A tall, smartly dressed man with closely cropped grey hair and piercing blue eyes stepped outside.
They had found the duc.
8
The Drawing Room, Henley House
Lady Harford waved her husband over to inform him of the wedding news, which he took coolly, another assessing eye cast over her. Camille wondered if h
e could smell the revolutionary on her somehow. Offering their congratulations, the Beauchamps and the lawyer Penge took their leave, and the family – plus Camille and Al – were alone. Hennie pulled James in to make up a four for a game of whist, so Camille requested Al join her to take a turn about the room.
‘What did he say?’ Camille hooked her arm through his and steered him towards the outskirts of the room. It was large enough to contain various arrangements of sofas, card tables and writing desks. The walls were hung with a silvery lilac paper that perfectly matched the upholstery and pale, glossy wood.
‘What did who say?’ said Al.
‘James, you fool, who else?’
He shrugged. ‘Not much. Sank several glasses of port and stared into the middle distance like a brooding hero in some novel. I can understand what you saw in him, if you like that sort of thing.’
Camille ignored the comment. ‘He’s rattled. Good.’

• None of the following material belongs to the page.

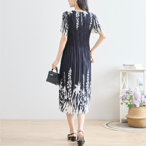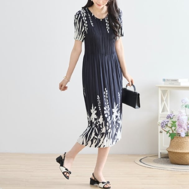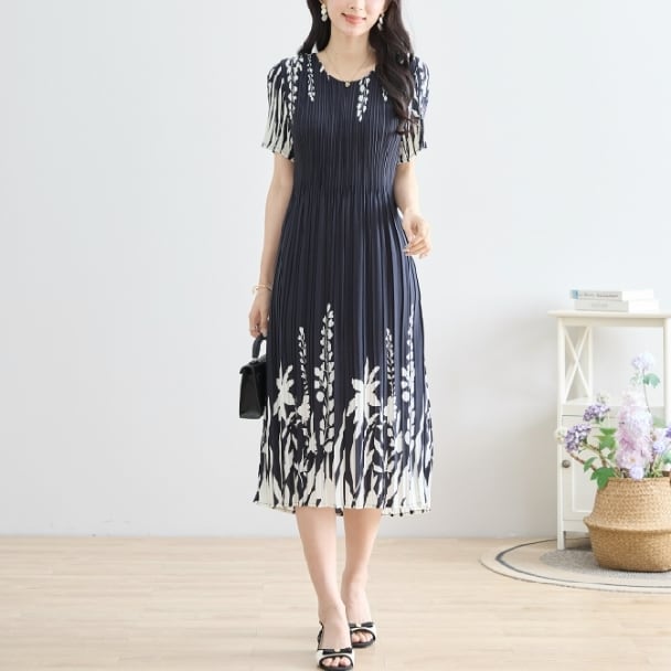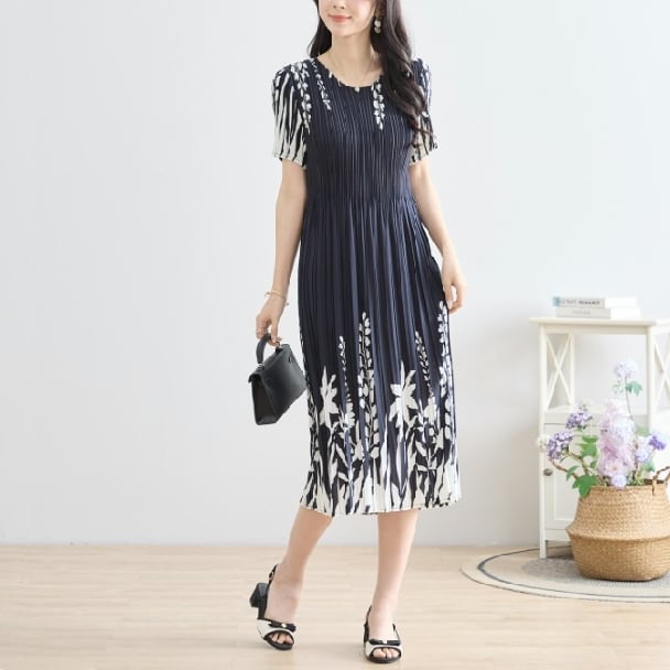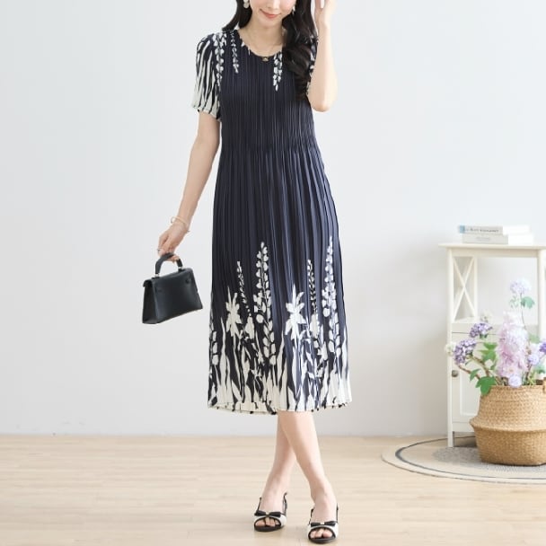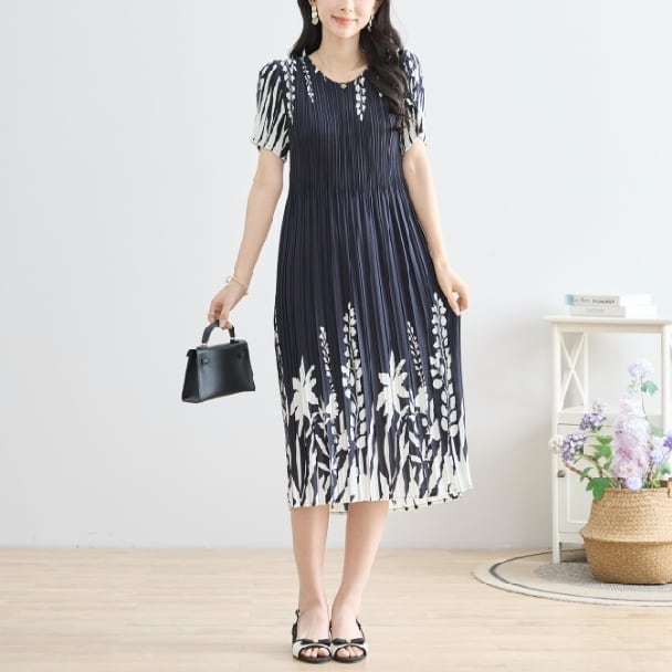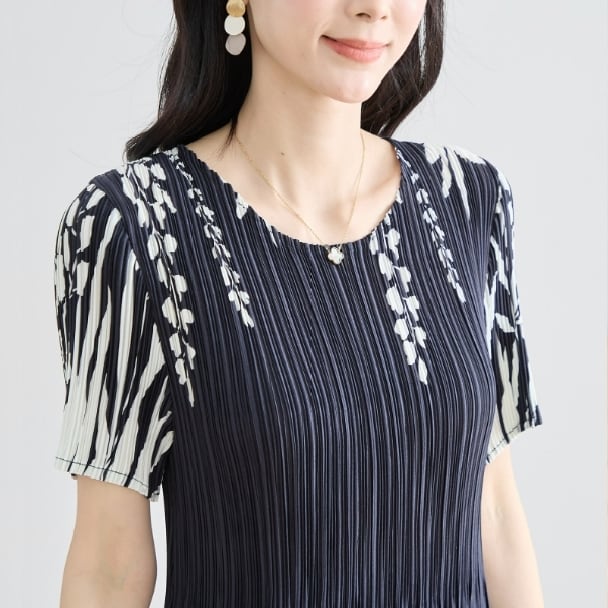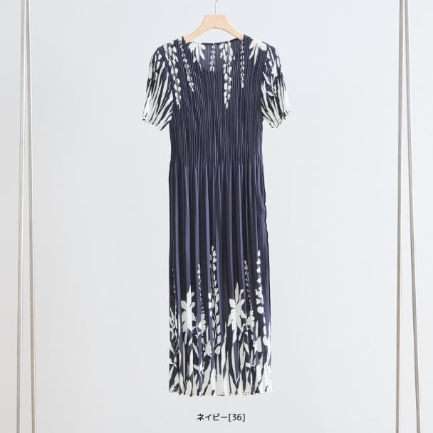 プリーツ ワンピース シックフローラル N82-244 TRUBE M L エレガント 上品 大人きれいめ fmsd レディース 半袖 大人フェミニン 大人可愛い

‘Your dramatic entrance was, in fact, dramatic. But why are we talking about that when, unless I am very much mistaken, you have you arranged for yourself to be married at the earliest convenience? Do you think Ada will mind having three people in your relationship?’
She pinched his arm. ‘Stop it. You know it’s a good idea. If they think I’m nothing but a helpless girl fixated on some romantic notion of marriage, then they’re not going to notice anything else.’
He narrowed his eyes. ‘Hmmm. Almost convincing, but a little shaky on the dismount. Looked to me as if you were backed into a corner.’
‘I can handle it.’
‘Don’t get in a huff, you know I’m on board. Wagon hitched firmly to your star. Anyway, it’s quite fun watching you put on a pretty dress and pretend to be a girl.’